Editor's Picks

Technology

One of the world’s largest digital libraries opens doors to text-mining scholars

May 18, 2016

Who influenced Charles Darwin when he was writing his pioneering theory of evolution, "On the Origin of Species?" IU professor Colin Allen wants to know, and the HathiTrust Research Center may now hold the answer.

computer search

HathiTrust’s collections include over 14 million digitized volumes, including more than 7 million books, more than 725,000 US federal government documents, and more than 350,000 serial publications.

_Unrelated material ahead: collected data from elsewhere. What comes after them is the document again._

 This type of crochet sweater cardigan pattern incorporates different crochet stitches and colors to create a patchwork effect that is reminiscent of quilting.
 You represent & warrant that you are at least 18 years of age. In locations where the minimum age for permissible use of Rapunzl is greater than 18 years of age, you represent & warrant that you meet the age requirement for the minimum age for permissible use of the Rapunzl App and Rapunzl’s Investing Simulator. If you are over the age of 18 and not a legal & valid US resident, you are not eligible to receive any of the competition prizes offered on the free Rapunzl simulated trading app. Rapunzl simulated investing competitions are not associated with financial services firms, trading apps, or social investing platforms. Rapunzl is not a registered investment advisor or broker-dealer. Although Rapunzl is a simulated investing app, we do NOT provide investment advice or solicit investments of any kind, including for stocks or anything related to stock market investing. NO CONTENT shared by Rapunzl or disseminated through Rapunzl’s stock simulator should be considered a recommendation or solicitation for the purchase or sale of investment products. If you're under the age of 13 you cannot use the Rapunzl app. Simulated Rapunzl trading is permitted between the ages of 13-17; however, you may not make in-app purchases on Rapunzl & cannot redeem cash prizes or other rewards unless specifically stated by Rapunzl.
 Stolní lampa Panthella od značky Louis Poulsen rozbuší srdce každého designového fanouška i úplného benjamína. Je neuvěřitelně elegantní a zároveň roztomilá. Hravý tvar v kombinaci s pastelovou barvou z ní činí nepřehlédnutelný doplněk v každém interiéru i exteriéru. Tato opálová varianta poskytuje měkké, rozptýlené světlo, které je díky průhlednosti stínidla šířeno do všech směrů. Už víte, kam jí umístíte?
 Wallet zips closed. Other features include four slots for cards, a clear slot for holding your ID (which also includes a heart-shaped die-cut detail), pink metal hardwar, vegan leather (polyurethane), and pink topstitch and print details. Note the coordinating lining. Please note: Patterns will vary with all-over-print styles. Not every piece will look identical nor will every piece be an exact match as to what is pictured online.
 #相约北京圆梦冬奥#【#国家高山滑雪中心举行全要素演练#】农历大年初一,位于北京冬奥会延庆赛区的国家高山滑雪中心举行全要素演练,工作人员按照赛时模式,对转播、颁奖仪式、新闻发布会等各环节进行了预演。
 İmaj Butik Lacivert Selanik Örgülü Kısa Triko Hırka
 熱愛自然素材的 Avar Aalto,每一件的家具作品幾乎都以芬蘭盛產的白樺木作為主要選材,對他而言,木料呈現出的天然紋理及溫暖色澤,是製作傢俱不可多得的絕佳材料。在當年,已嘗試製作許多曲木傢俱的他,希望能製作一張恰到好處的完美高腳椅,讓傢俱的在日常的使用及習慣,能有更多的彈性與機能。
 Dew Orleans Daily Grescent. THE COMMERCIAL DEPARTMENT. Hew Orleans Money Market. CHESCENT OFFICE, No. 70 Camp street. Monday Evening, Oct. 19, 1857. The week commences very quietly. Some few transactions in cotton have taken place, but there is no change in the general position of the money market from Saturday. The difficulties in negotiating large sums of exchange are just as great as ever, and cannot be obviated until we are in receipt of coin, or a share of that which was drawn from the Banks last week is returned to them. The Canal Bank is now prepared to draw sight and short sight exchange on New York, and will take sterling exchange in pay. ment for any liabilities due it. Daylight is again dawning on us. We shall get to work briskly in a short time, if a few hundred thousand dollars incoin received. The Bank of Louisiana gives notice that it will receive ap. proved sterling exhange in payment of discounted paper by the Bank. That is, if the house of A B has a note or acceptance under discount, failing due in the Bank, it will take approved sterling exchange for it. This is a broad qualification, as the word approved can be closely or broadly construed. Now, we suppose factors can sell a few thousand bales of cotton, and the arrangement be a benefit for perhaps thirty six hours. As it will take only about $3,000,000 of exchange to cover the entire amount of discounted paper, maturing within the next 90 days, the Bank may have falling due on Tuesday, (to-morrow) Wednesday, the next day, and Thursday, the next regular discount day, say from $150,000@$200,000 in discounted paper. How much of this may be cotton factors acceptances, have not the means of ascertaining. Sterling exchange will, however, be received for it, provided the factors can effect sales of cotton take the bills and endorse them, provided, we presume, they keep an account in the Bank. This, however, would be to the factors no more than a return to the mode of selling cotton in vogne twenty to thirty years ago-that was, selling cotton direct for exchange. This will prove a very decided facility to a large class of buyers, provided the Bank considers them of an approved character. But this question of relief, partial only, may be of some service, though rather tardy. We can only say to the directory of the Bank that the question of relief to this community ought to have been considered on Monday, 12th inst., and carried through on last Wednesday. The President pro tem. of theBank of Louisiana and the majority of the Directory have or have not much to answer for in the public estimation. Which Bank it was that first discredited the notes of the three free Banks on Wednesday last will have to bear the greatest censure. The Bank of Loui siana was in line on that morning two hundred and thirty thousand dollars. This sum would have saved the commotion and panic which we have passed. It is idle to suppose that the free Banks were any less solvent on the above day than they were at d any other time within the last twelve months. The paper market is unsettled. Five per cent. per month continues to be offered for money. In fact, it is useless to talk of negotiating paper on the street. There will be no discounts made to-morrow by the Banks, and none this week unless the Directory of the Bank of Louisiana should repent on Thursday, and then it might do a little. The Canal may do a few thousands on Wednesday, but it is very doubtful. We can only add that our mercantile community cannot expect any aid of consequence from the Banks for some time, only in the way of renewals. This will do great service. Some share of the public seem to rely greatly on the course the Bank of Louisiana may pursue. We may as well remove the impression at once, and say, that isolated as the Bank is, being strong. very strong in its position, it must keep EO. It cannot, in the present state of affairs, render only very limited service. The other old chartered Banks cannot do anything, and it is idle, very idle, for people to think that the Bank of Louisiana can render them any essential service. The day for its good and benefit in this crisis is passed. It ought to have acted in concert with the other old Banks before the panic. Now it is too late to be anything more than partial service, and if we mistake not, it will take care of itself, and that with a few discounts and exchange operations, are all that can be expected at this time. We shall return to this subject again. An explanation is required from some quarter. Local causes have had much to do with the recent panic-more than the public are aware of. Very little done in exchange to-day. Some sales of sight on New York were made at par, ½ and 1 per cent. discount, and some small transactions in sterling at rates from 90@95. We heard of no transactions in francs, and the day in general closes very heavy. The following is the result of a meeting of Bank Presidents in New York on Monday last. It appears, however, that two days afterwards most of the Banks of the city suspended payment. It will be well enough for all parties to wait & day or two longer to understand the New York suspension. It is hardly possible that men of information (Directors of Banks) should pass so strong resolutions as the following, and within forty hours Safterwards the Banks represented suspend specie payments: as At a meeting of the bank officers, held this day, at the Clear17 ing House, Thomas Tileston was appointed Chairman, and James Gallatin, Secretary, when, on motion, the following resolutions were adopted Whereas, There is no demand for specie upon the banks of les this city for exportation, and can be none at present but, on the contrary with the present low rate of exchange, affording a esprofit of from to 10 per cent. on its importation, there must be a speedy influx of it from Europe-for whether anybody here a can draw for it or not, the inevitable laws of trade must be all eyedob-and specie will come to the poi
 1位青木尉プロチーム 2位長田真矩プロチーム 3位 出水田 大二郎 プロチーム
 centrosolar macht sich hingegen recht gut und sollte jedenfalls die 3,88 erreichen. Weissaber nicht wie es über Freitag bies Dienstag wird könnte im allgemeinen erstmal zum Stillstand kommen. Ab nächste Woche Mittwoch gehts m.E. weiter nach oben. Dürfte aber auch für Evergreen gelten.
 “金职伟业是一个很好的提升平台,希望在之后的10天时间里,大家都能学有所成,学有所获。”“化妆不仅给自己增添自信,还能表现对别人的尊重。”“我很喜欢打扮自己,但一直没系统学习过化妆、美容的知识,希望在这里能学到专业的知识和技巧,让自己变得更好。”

The HathiTrust Research Center, a cooperative service of IU, University of Illinois, and HathiTrust, has expanded its services to support computational research on the entire collection of one of the world’s largest digital libraries, held by HathiTrust. HathiTrust’s collections include over 14 million digitized volumes, including more than 7 million books, more than 725,000 US federal government documents, and more than 350,000 serial publications. HathiTrust’s collections are drawn from some of the largest research libraries in North America, including Indiana University and the University of Illinois.

Previously the HathiTrust Research Center supported analysis of only the public domain subset of the HathiTrust collection. The center is now the only place where scholars like Allen can perform text mining on the entire HathiTrust collection. In other words, researchers can now explore the entire collection, run algorithms against all 14 million volumes, and make new connections and discoveries in the process.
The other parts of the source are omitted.